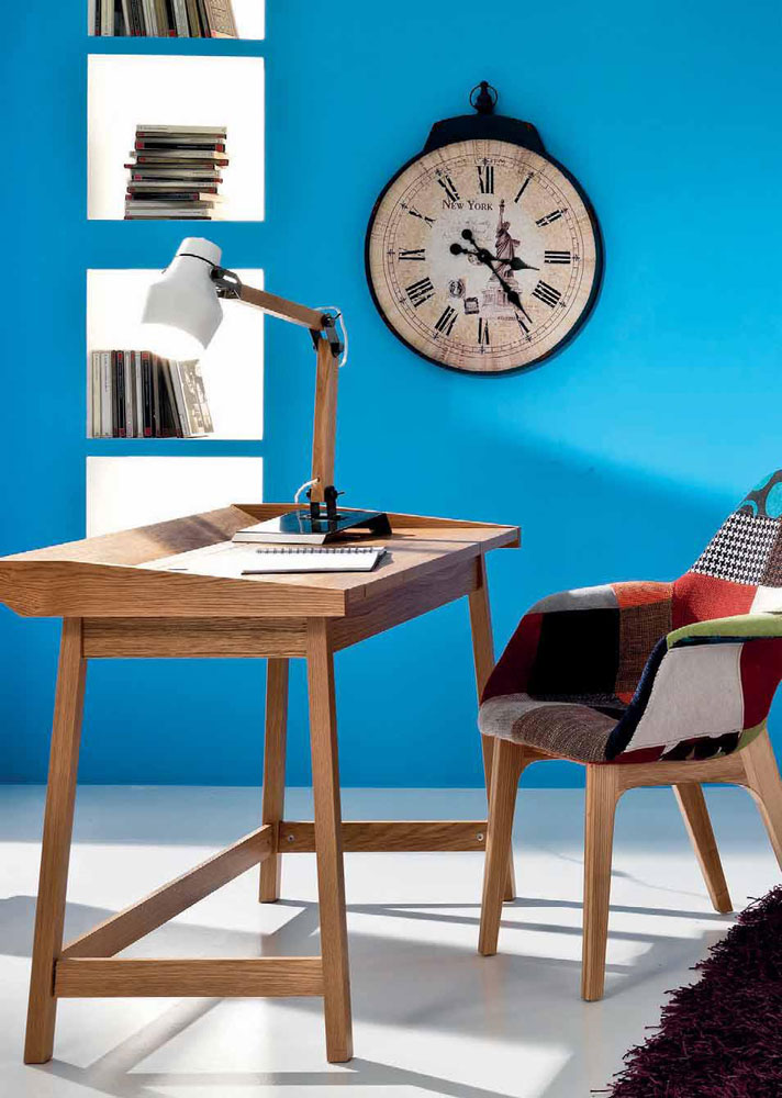 Lampa pentru birou Peo. Baza metalica, finisaj cromat. Picior realizat din lemn. Abajur metalic, finisaj alb mat. 1 bec - max 60 W. Dimensiuni: H 70 cm. Pret 164 euro + TVA
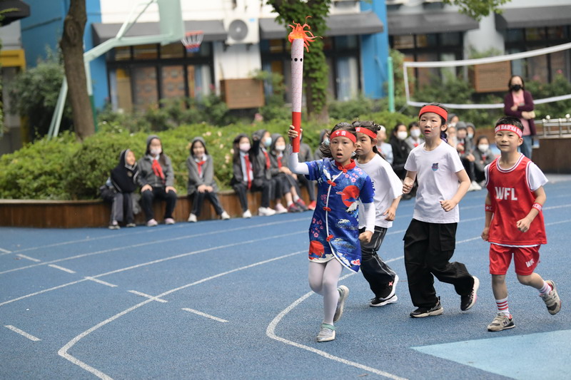 精彩紛呈的入場式過后是“爸爸的運動鞋”火炬接力儀式。“爸爸的運動鞋”火炬接力,象征著團結合作和勇敢堅強的意志品質的傳承。火炬就像是希望和夢想,無論將來孩子們走到哪里,都會堅定夢想,勇往直前!
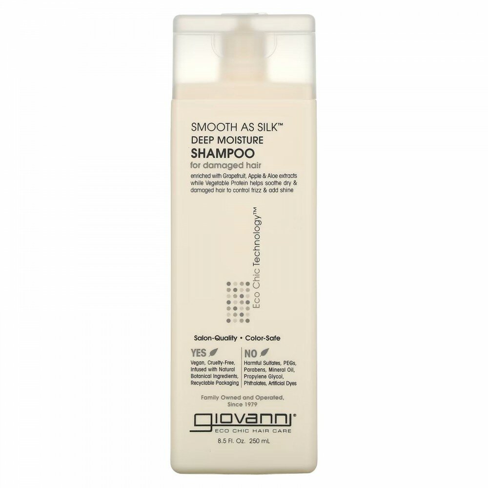 Giovanni, Smooth As Silk, шампунь для интенсивного увлажнения, для поврежденных волос, 250 мл (8,5 жидк. унции)
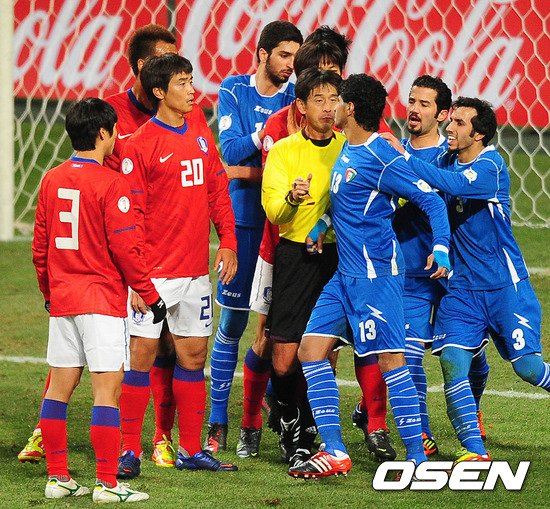 후반 한국 선수들과 쿠웨이트 선수들이 신경전을 벌이고 있다./ jpnews@osen.co.kr
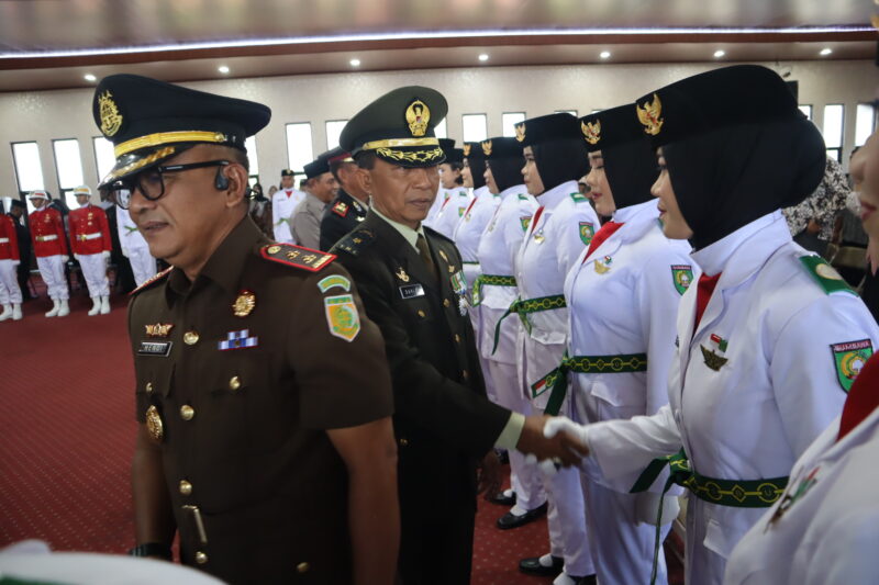 Sumbawa – NTB – Kasdim 1607/Sumbawa, Mayor Inf Dahlan, S.Sos., menghadiri acara Pengukuhan Pasukan Pengibar Bendera Pusaka (Paskibraka) Kabupaten Sumbawa Tahun 2025 yang digelar di Aula H. Madilaoe ADT, lantai III Kantor Bupati Sumbawa, Jumat (15/8/2025).
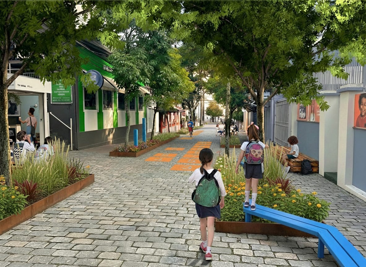O projeto inclui medidas de acalmamento do tráfego, áreas organizadas de embarque e desembarque escolar, baia específica para ônibus, bicicletário coberto e melhoria da visibilidade nos pontos de parada. Ao longo da rua, o desenho urbano incorpora arborização para sombreamento, pavimentos mais permeáveis e marcações lúdicas no chão, além de pequenos espaços de convivência com bancos, arquibancadas, mesas de jogos e áreas para atividades culturais e recreativas.

Prompt:
Quote the material exactly. Pictures stay out.

Exercise solution:
 Lampa pentru birou Peo. Baza metalica, finisaj cromat. Picior realizat din lemn. Abajur metalic, finisaj alb mat. 1 bec - max 60 W. Dimensiuni: H 70 cm. Pret 164 euro + TVA
 精彩紛呈的入場式過后是“爸爸的運動鞋”火炬接力儀式。“爸爸的運動鞋”火炬接力,象征著團結合作和勇敢堅強的意志品質的傳承。火炬就像是希望和夢想,無論將來孩子們走到哪里,都會堅定夢想,勇往直前!
 Giovanni, Smooth As Silk, шампунь для интенсивного увлажнения, для поврежденных волос, 250 мл (8,5 жидк. унции)
 후반 한국 선수들과 쿠웨이트 선수들이 신경전을 벌이고 있다./ jpnews@osen.co.kr
 Sumbawa – NTB – Kasdim 1607/Sumbawa, Mayor Inf Dahlan, S.Sos., menghadiri acara Pengukuhan Pasukan Pengibar Bendera Pusaka (Paskibraka) Kabupaten Sumbawa Tahun 2025 yang digelar di Aula H. Madilaoe ADT, lantai III Kantor Bupati Sumbawa, Jumat (15/8/2025).
O projeto inclui medidas de acalmamento do tráfego, áreas organizadas de embarque e desembarque escolar, baia específica para ônibus, bicicletário coberto e melhoria da visibilidade nos pontos de parada. Ao longo da rua, o desenho urbano incorpora arborização para sombreamento, pavimentos mais permeáveis e marcações lúdicas no chão, além de pequenos espaços de convivência com bancos, arquibancadas, mesas de jogos e áreas para atividades culturais e recreativas.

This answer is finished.